About this exercise
Give again, word for word, each line below starting at the one that contains "帽子を被って先生のお話を聞き待ちます。" and ending at the one that contains "Ce magnifique sac".

Dataset entries
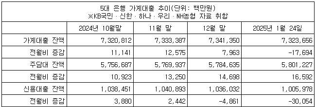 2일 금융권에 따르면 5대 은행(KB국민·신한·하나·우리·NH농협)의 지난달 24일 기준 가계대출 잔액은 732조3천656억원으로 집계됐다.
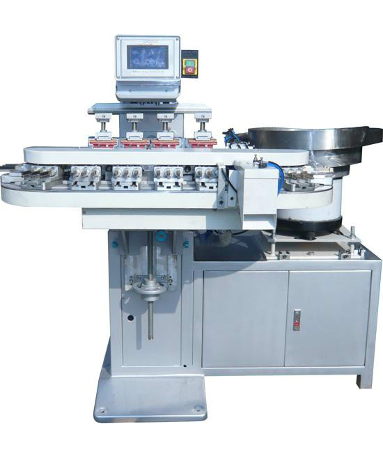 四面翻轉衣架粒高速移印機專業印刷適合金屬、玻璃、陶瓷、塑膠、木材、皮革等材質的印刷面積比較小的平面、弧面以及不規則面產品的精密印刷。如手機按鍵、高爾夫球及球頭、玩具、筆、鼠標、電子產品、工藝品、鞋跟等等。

--

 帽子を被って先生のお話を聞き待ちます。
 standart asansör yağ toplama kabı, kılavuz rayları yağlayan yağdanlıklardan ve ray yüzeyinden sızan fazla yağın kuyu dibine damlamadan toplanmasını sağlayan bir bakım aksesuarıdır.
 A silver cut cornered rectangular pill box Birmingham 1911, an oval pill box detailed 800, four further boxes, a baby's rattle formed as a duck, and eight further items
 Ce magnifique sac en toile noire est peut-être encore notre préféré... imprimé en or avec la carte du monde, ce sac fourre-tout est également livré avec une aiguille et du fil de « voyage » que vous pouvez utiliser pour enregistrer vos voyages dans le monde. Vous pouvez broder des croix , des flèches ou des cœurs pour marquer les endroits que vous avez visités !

==

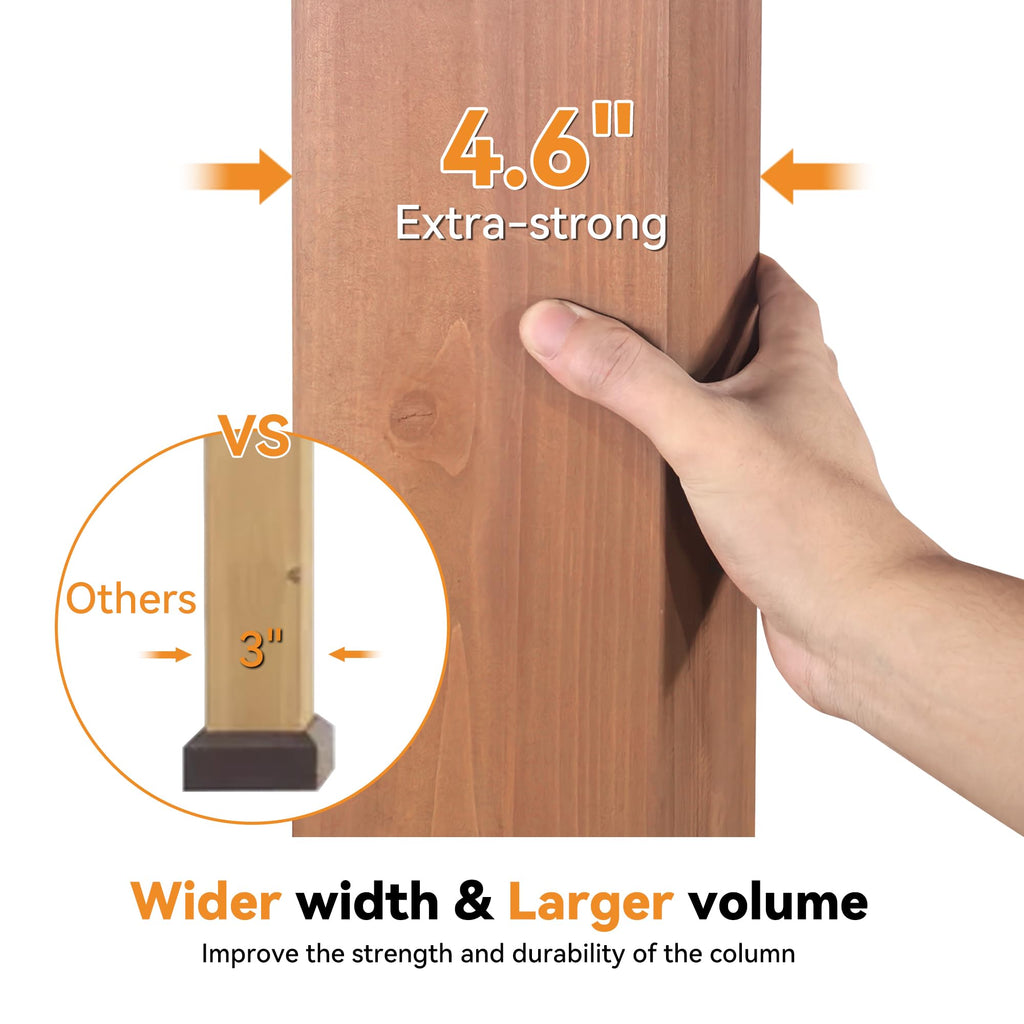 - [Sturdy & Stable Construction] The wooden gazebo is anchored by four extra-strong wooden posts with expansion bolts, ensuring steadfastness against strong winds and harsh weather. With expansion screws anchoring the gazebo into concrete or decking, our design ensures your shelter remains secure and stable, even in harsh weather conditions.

Exercise answer
 帽子を被って先生のお話を聞き待ちます。
 standart asansör yağ toplama kabı, kılavuz rayları yağlayan yağdanlıklardan ve ray yüzeyinden sızan fazla yağın kuyu dibine damlamadan toplanmasını sağlayan bir bakım aksesuarıdır.
 A silver cut cornered rectangular pill box Birmingham 1911, an oval pill box detailed 800, four further boxes, a baby's rattle formed as a duck, and eight further items
 Ce magnifique sac en toile noire est peut-être encore notre préféré... imprimé en or avec la carte du monde, ce sac fourre-tout est également livré avec une aiguille et du fil de « voyage » que vous pouvez utiliser pour enregistrer vos voyages dans le monde. Vous pouvez broder des croix , des flèches ou des cœurs pour marquer les endroits que vous avez visités !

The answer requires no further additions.